In a statement signed by its President, Uche Uwaleke, the group commended the President for what it termed a “bold and courageous” reform that restores 60 per cent of profit oil and gas proceeds under Production Sharing Contracts (PSCs) to the Federation Account.
According to CMAN, since the implementation of the Petroleum Industry Act in 2021, only 40 per cent of such proceeds had accrued to the Federation Account shared by the Federal, State and Local Governments, while the Nigerian National Petroleum Company Limited retained 60 per cent through a combination of management fees and the Frontier Exploration Fund.
The academics argued that the imbalance undermined the principle of collective ownership of Nigeria’s natural resources and constrained the fiscal capacity of subnational governments. By reversing the structure, they said, the Executive Order would significantly raise distributable revenues, enhance public service delivery and stimulate economic activity across the tiers of government.
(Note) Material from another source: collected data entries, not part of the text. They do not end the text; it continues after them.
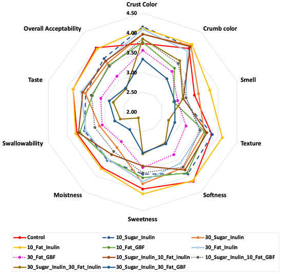However, mean values of crumb colour were significantly less compared to control in samples containing GBF (i.e., 10_Fat_GBF, 30_Fat_GBF and 30_Sugar_Inulin_30_Fat_GBF) due to the darker colour of incorporated fibres (see Figure 3). No significant differences were reported for smell, but texture and softness scored lower in samples that contained 30% GBF and the ones with the highest fibre content including 30_Sugar_Inulin_30_Fat_Inulin and 30_Sugar_Inulin_30_Fat_GBF due to the significant firmer texture of these formulations. Sweetness was not significantly influenced by sugar reduction in 10_Sugar_Inulin, 30_Sugar_Inulin or 10_Sugar_Inulin_10_Fat_Inulin and 10_Sugar_Inulin_10_Fat_GBF possibly indicating that sugar is added in excessive amounts in commercial muffins and highlighting a considerable margin of reduction. Mean values of moistness, swallowability, taste and overall acceptability were comparable with control even at 30% reduction of sugar or fat using inulin. However, slightly decreased values in these properties were found in 30_Fat_GBF, 30_Sugar_Inulin_30_Fat_Inulin and 30_Sugar_Inulin_30_Fat_GBF (p < 0.05). In conclusion, panellists showed compatible overall acceptability with control in seven out of ten reduced sugar and/or fat formulations including 10_Sugar_Inulin, 30_Sugar_Inulin, 10_Fat_Inulin, 10_Fat_GBF, 30_Fat_Inulin, 10_Sugar_Inulin_10_Fat_Inulin and 10_Sugar_Inulin_10_Fat_GBF. Acceptable cakes that had a replacement of 30% sugar and/or 50% fat by inulin were also reported by Rodriguez-Garcia et al. (2014) [34].
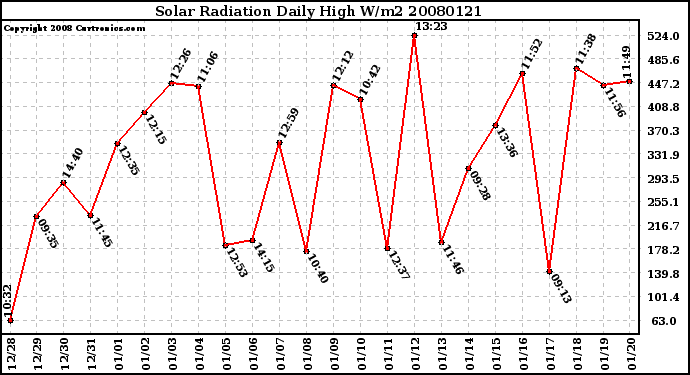 Milwaukee Weather -- 20080121 Solar Radiation Daily High W/m2 -- From curtronics.com by Curt Blank
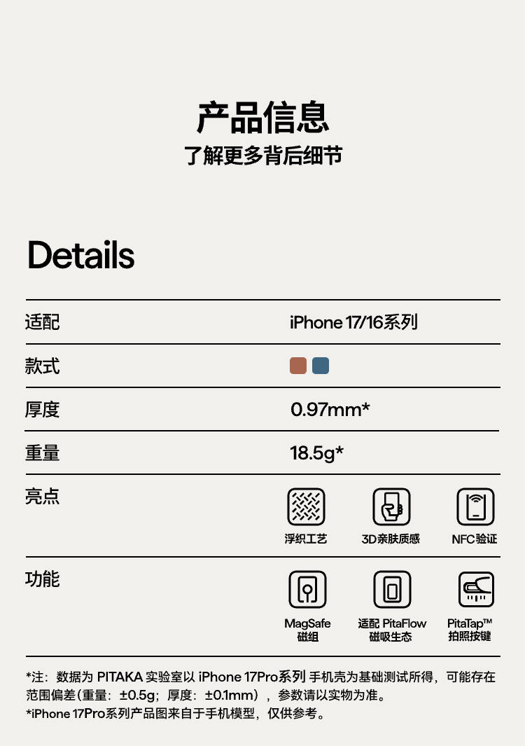 PITAKA/皮塔卡 iPhone 17 手机壳 凯夫拉磁吸相机按键碳纤维纹Air保护壳

The Executive Order, signed on February 13, 2026 and gazetted by the Presidency, eliminates the 30 per cent management fee previously retained by NNPC Limited on Profit Oil and Profit Gas under Production Sharing, Profit Sharing and Risk Service Contracts. It also ends the 30 per cent allocation of profit oil and gas to the Frontier Exploration Fund and mandates that Royalty Oil, Tax Oil, Profit Oil, Profit Gas and other government entitlements be paid directly into the Federation Account.
In addition, proceeds from gas flare penalties, previously paid into the Midstream and Downstream Gas Infrastructure Fund, will now be remitted to the Federation Account, while expenditures from the fund must comply strictly with public procurement laws.
The Presidency said the multiple deductions under the PIA framework had far exceeded global norms and effectively diverted more than two-thirds of potential oil and gas remittances, contributing to declining net revenue inflows.
President Tinubu anchored the order on Sections 5 and 44(3) of the Constitution, which vest ownership and control of mineral resources in the Government of the Federation. He also approved the establishment of an inter-ministerial implementation committee to oversee the reforms and signalled a broader review of the PIA to address structural and fiscal anomalies.
While applauding the reform, CMAN urged that similar corrective measures be extended to joint venture assets and called for the inclusion of the Chairman of the Revenue Mobilisation, Allocation and Fiscal Commission on the implementation committee to strengthen oversight further.
For fiscal authorities and market participants, the development signals a potential surge in Federation allocations amid heightened budgetary pressures, reinforcing expectations of improved liquidity across the public sector and positive spillovers for Nigeria’s capital market.